I have my antenna grounded but I don't see how it would survive a direct hit.
It won't. Part of the reason that mountaintop systems survive so well is several fold.
First, the fact that a high, grounded "unit" of the tower, feedlines, antennas, and in some cases a big metal "brush" on top actually helps to bleed off would be strikes so they cannot form.
But if a big tower DOES get struck, "everything is bonded to everything." Feedlines are bonded to the tower every so often up and down the tower. Just about ALL commercial antennas are a "grounded" design, that is, you'll never see an "open" (DC open) quarter wave whip on a decent commercial site. Of course Polyphasor or other surge arrestors are used at the bottom.

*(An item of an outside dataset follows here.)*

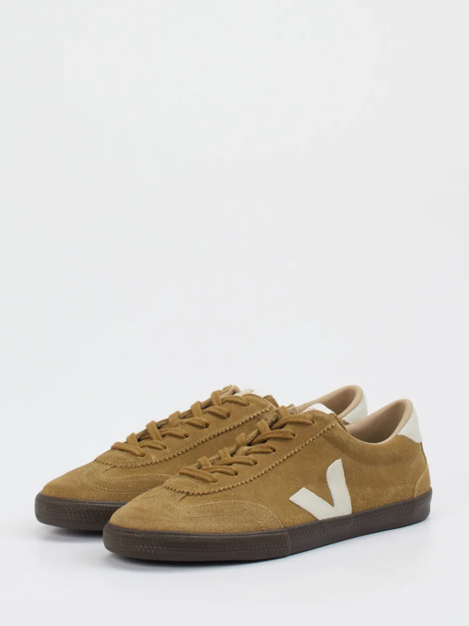 Retro-Look trifft nachhaltigen Stil.VEJA präsentiert einen Low-Top-Sneaker aus cognacfarbenem Veloursleder. Ideal für entspannte Alltags-Looks punktet das Modell mit weicher, matt strukturierter Oberfläche und minimalistischer Linienführung. Das flache Design liegt durch seine klassische Silhouette im Trend und harmoniert mit der kontrastierenden Gummisohle in Dunkelbraun. Weiße Logo-Applikationen und Ton-in-Ton-Nähte ergänzen den retroinspirierten „Quiet Luxury“-Charakter. Die Schnürung sorgt für sicheren Sitz, das Textilfutter bietet angenehmen Tragekomfort – auch barfuß. Kombiniert zu Canvas-Rucksack oder Basic-Shirts entsteht ein mühelos lässiger Look. Ein zeitloses Unisex-Modell mit nachhaltigem Markenprofil und stilistischer Zurückhaltung.
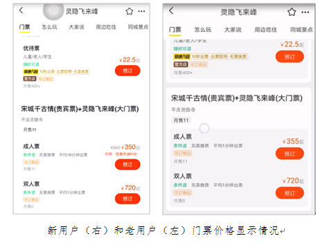 體驗人員分別通過新、老用戶賬號同時在飛豬旅行app上預訂同一日期“宋城千古情(貴賓票)+靈隱飛來峰(大門票)成人票”時,老用戶賬號顯示價格360元,享受飛豬紅包10元,優惠后價格為350元;而新用戶賬號顯示價格355元,不享受任何優惠,新、老用戶賬號顯示價格不同,享受優惠也不同。

Extensive grounding "halos" are installed. Normally a ground ring of many ground rods is installed around the tower---I'm not talking about ground radials on a AM broadcast tower, but rather something like a moutain top VHF/ UHF site. Grounds are intentionally "rounded" around corners rather than nice neat 90* bends. All internal buiding racks, cabinets, AC/ ventilation gear, door and window frames, etc, is all bonded to an internal building circular halo, which is bonded to the tower ground.
All this helps to make a unitized, "spread" ground shall we say "object" that tends to act like a large gauge wire, helping to "unconcentrate" the hit, so to speak.
Your fiberglass monopole IS subject to explosion with a hit, as are commercial glass monopoles. Why some of them survive as well as they do is actually beyond me.
THE BIG THING with grounding is to try to help the strike/ bleed off go to ground BEFORE much of it gets "into the house."
This is why stuff like coax-fed dipoles and other ungrounded (not DC ground) antennas can be so very dangerous. A Polyphasor is not much protection on one of these.
Somewhere Motorola used to put out a booklet on site grounding practices. If you look around, I'm sure you can find it for download, or contact your local two-way shop.